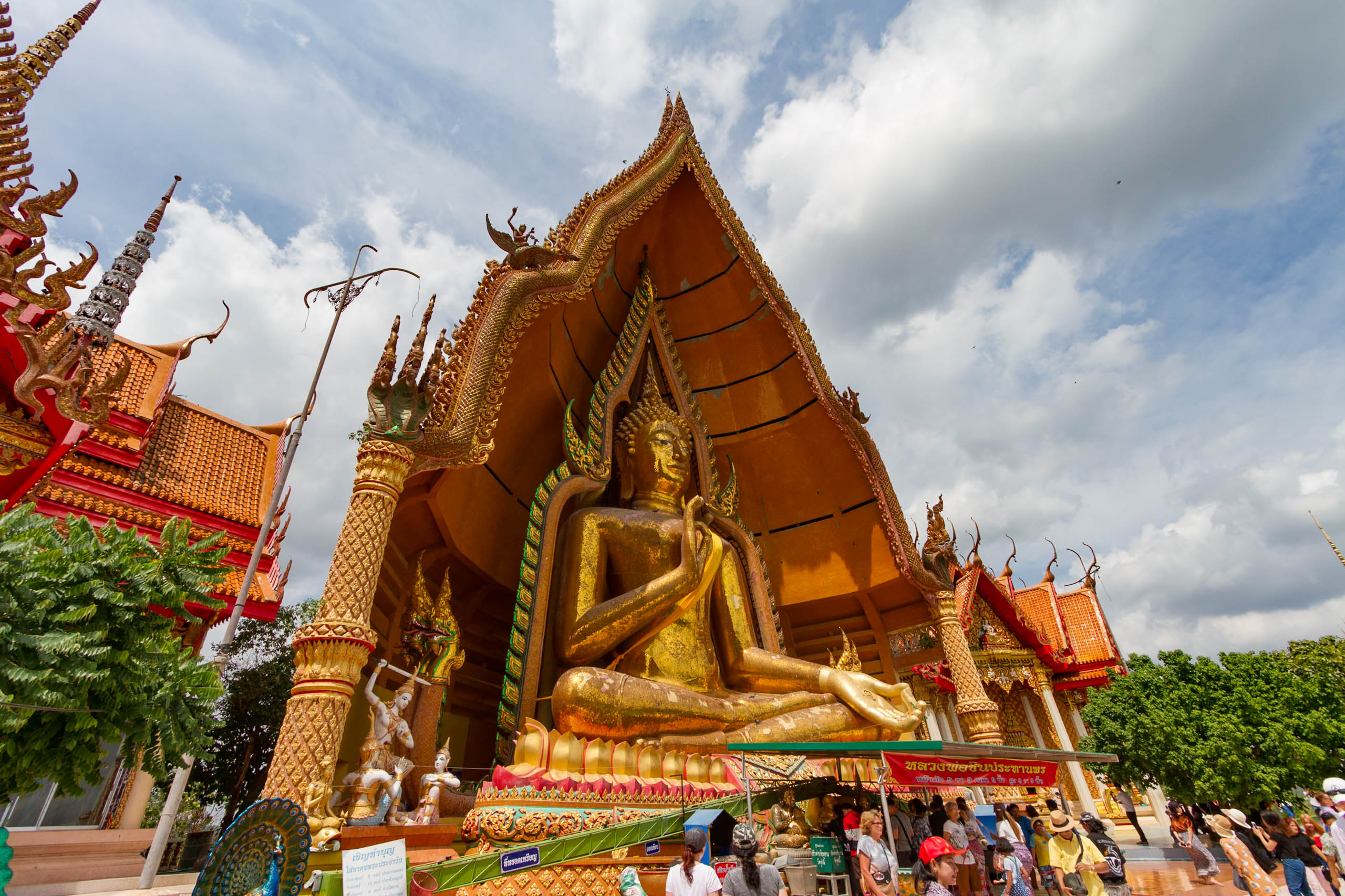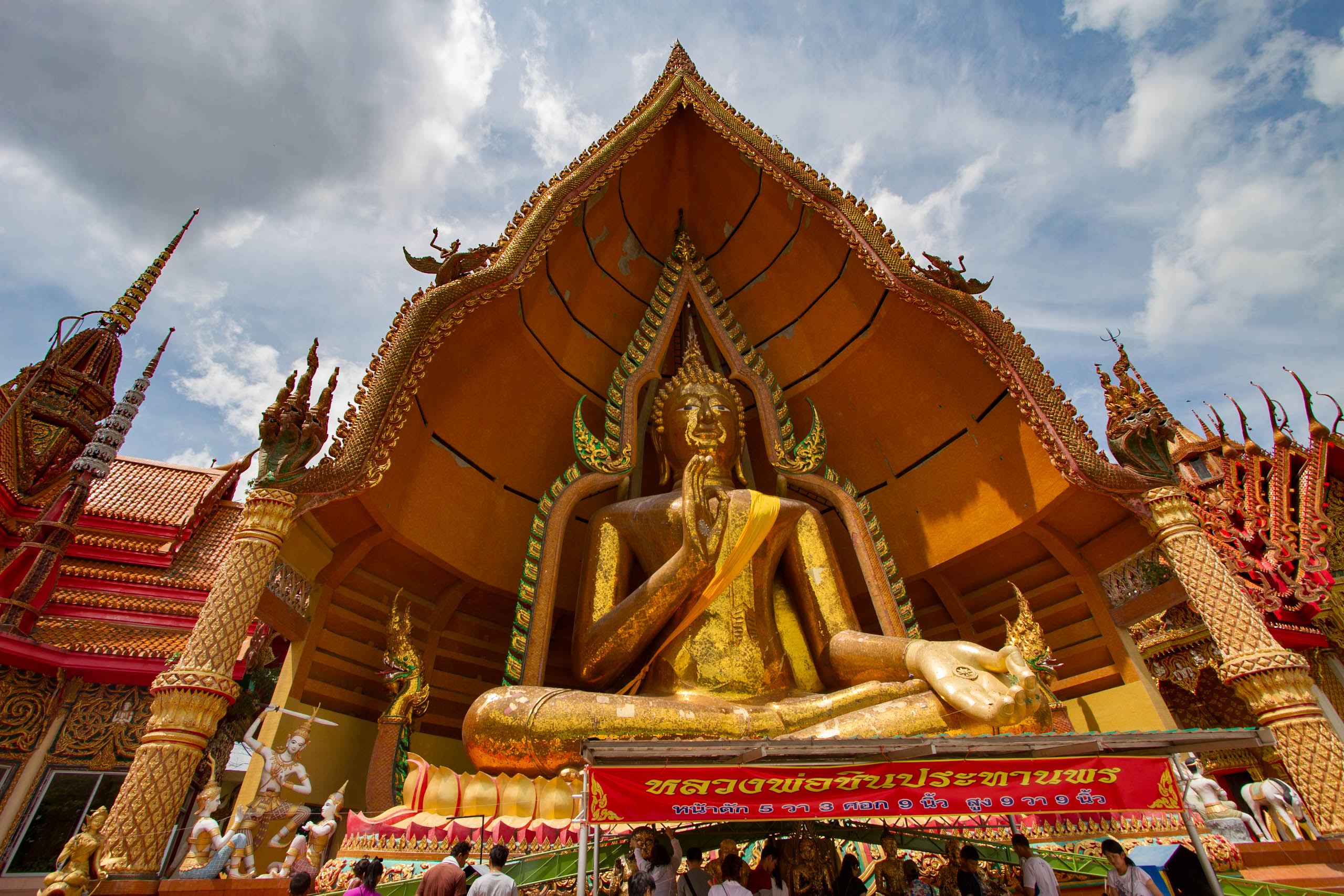 Le point central du site est une immense statue de Bouddha assis, haute de plus de 18 mètres, en position de bénédiction, entièrement dorée. Elle est abritée dans une niche en forme de pétale de lotus, adossée à un grand chedi orné.
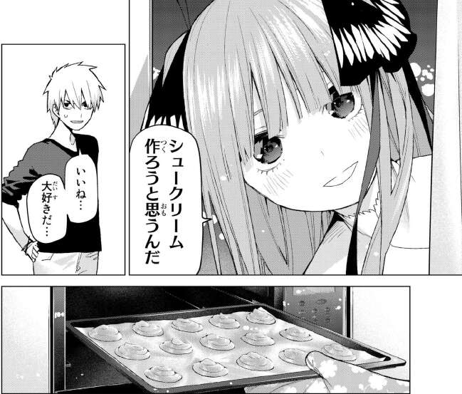 風太郎からシュークリームが好きだとアドバイスを受けると、素直にシュークリームを作る二乃です。
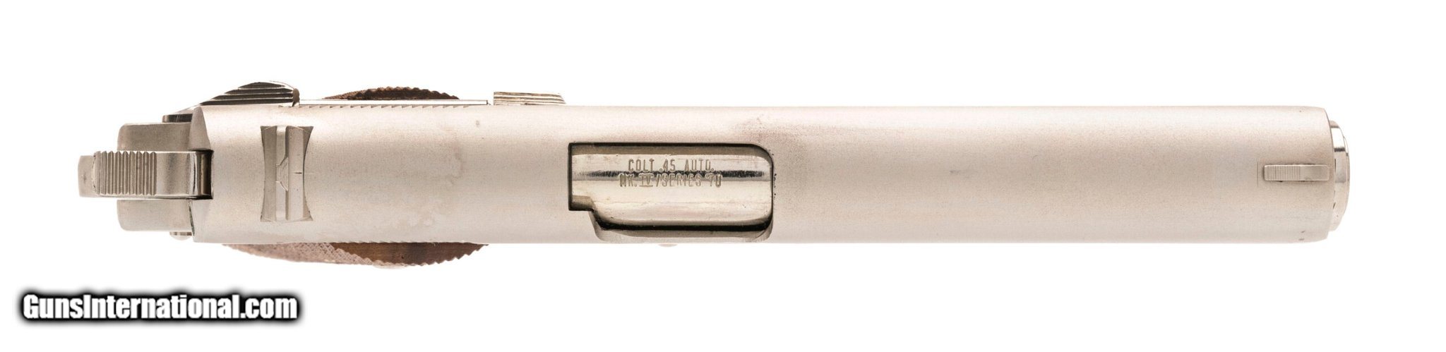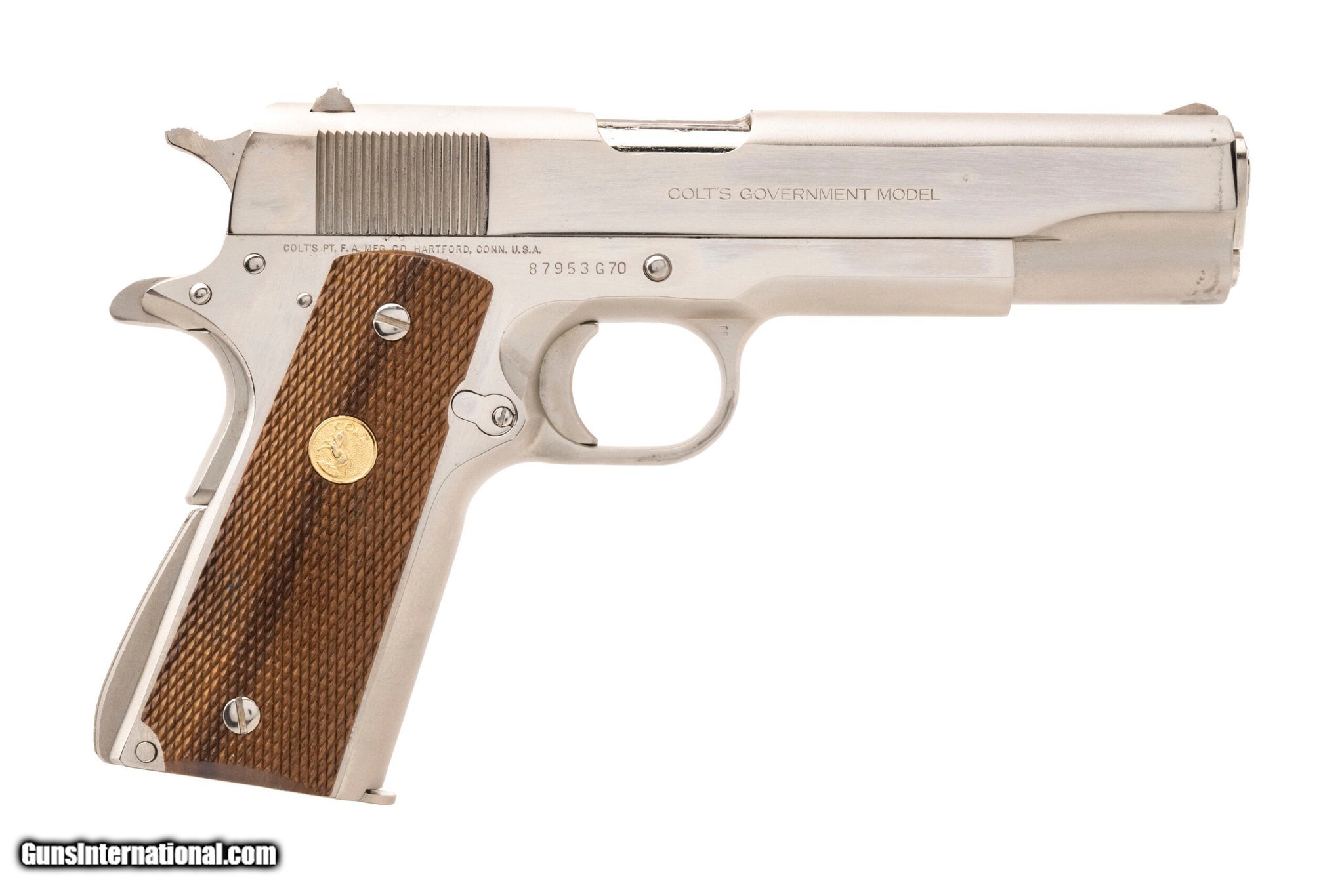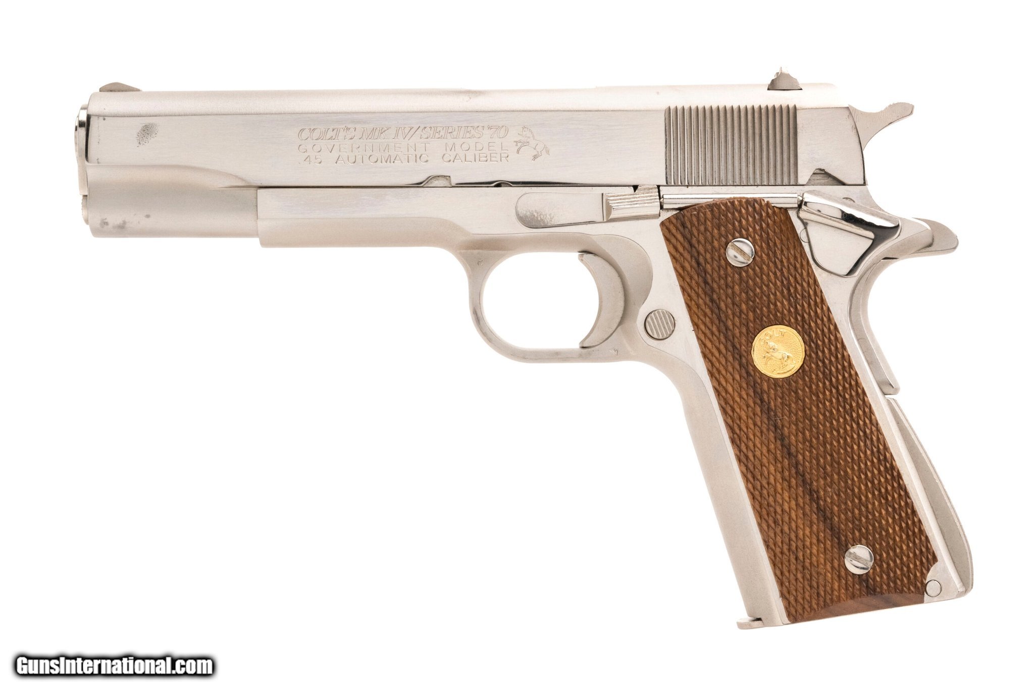 Description: Guns Listing ID: 530896 SN: 87953G70. Made in 1978, .45 Auto with a 5\" barrel. Rare nickel finished government model 1911 pistol with checkered wood grips. Overall condition is very good. (C20965) SOLD Manufacturer: COLT Model: GOVERNMENT MK IV SERIES 70 Caliber Info: .45 ACP Condition: Used - Non-Certified Barrels: 5 Action: SEMI AUTOMATIC Finish: nickel |
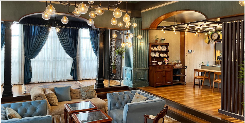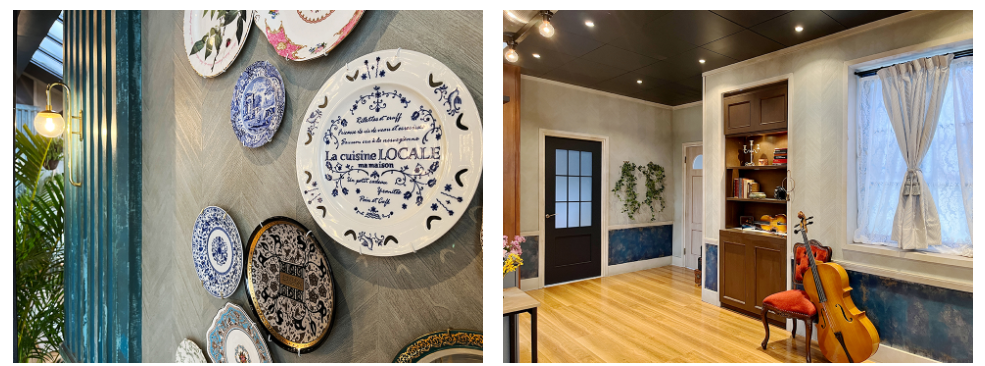 お部屋のセットが素敵ですね。翡翠の部屋セットにサンゲツさんの壁紙、見切り材、ガラスフィルムが採用されているそうです。
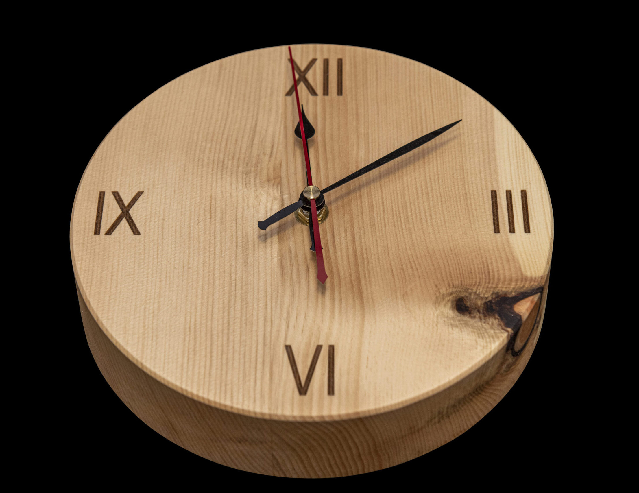 Uhr “Rundarve” aus Massivholz Bündner Arve, Zifferzahlen römisch gelasert Flüsterleises, schleichendes Uhrwerk mit 3 Zeiger. Auf Rückseite Schlupfloch zum Aufhängen. Grösse: Durchmesser 20 cm, Höhe 3.8cm
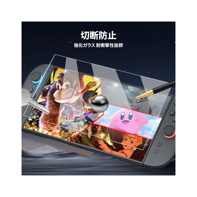 【完美契合・全面保護】HEYSTOP強化ガラスフィルムは、Switch2 スイッチ2にぴったりフィットし、液晶画面の曲面エッジまでしっかりカバー。保護力が高く、剥がれにくい設計です。
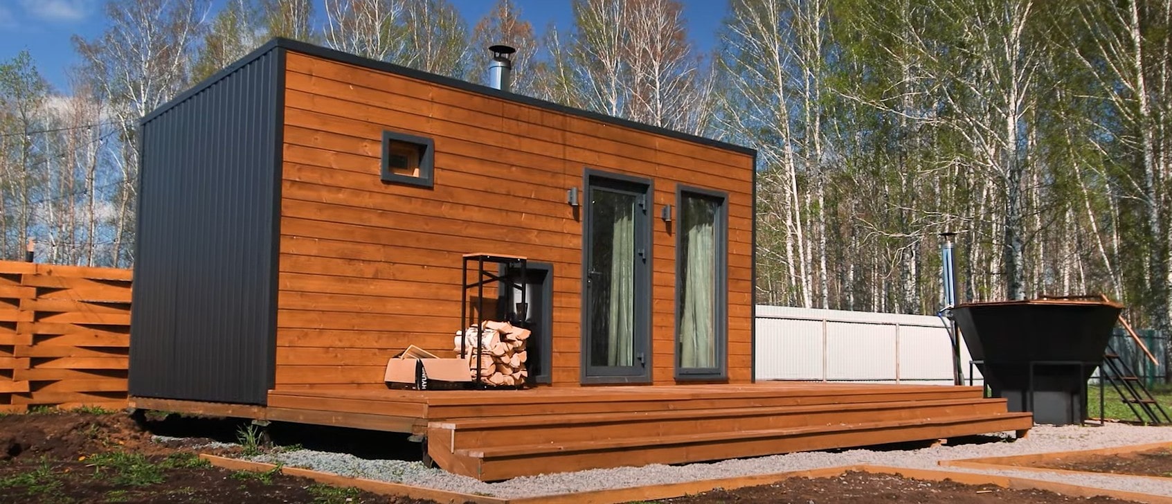 Це сучасна баня в скандинавському стилі, що поєднує мінімалізм, функціональність та панорамний дизайн. Завдяки модульній технології вона мобільна та готова до використання одразу після встановлення на ділянці.
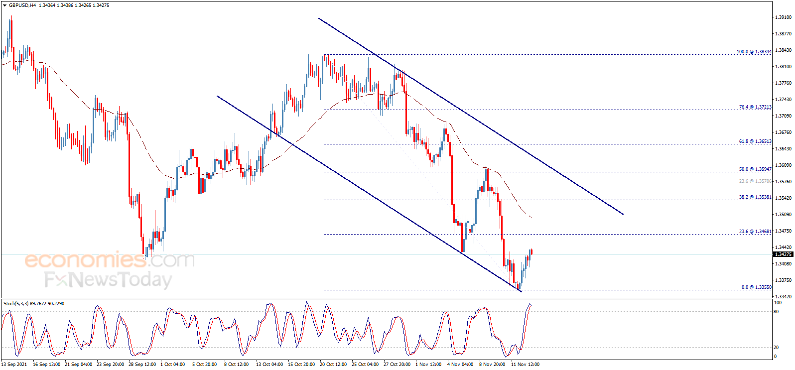 英镑/美元一度触及1.3355,然后明显反弹。但需要指出的是,从4小时图来看,EMA 50指标对英镑/美元形成持续的看空压力,而随机指标目前显现明显的看空信号。

★ ★ ★

» **WORK REQUIRED**:
Make an exact copy of every entry above, minus the images.

» **RESULT OF THIS EXERCISE**:
 Le point central du site est une immense statue de Bouddha assis, haute de plus de 18 mètres, en position de bénédiction, entièrement dorée. Elle est abritée dans une niche en forme de pétale de lotus, adossée à un grand chedi orné.
 風太郎からシュークリームが好きだとアドバイスを受けると、素直にシュークリームを作る二乃です。
 Description: Guns Listing ID: 530896 SN: 87953G70. Made in 1978, .45 Auto with a 5\" barrel. Rare nickel finished government model 1911 pistol with checkered wood grips. Overall condition is very good. (C20965) SOLD Manufacturer: COLT Model: GOVERNMENT MK IV SERIES 70 Caliber Info: .45 ACP Condition: Used - Non-Certified Barrels: 5 Action: SEMI AUTOMATIC Finish: nickel |
 お部屋のセットが素敵ですね。翡翠の部屋セットにサンゲツさんの壁紙、見切り材、ガラスフィルムが採用されているそうです。
 Uhr “Rundarve” aus Massivholz Bündner Arve, Zifferzahlen römisch gelasert Flüsterleises, schleichendes Uhrwerk mit 3 Zeiger. Auf Rückseite Schlupfloch zum Aufhängen. Grösse: Durchmesser 20 cm, Höhe 3.8cm
 【完美契合・全面保護】HEYSTOP強化ガラスフィルムは、Switch2 スイッチ2にぴったりフィットし、液晶画面の曲面エッジまでしっかりカバー。保護力が高く、剥がれにくい設計です。
 Це сучасна баня в скандинавському стилі, що поєднує мінімалізм, функціональність та панорамний дизайн. Завдяки модульній технології вона мобільна та готова до використання одразу після встановлення на ділянці.
 英镑/美元一度触及1.3355,然后明显反弹。但需要指出的是,从4小时图来看,EMA 50指标对英镑/美元形成持续的看空压力,而随机指标目前显现明显的看空信号。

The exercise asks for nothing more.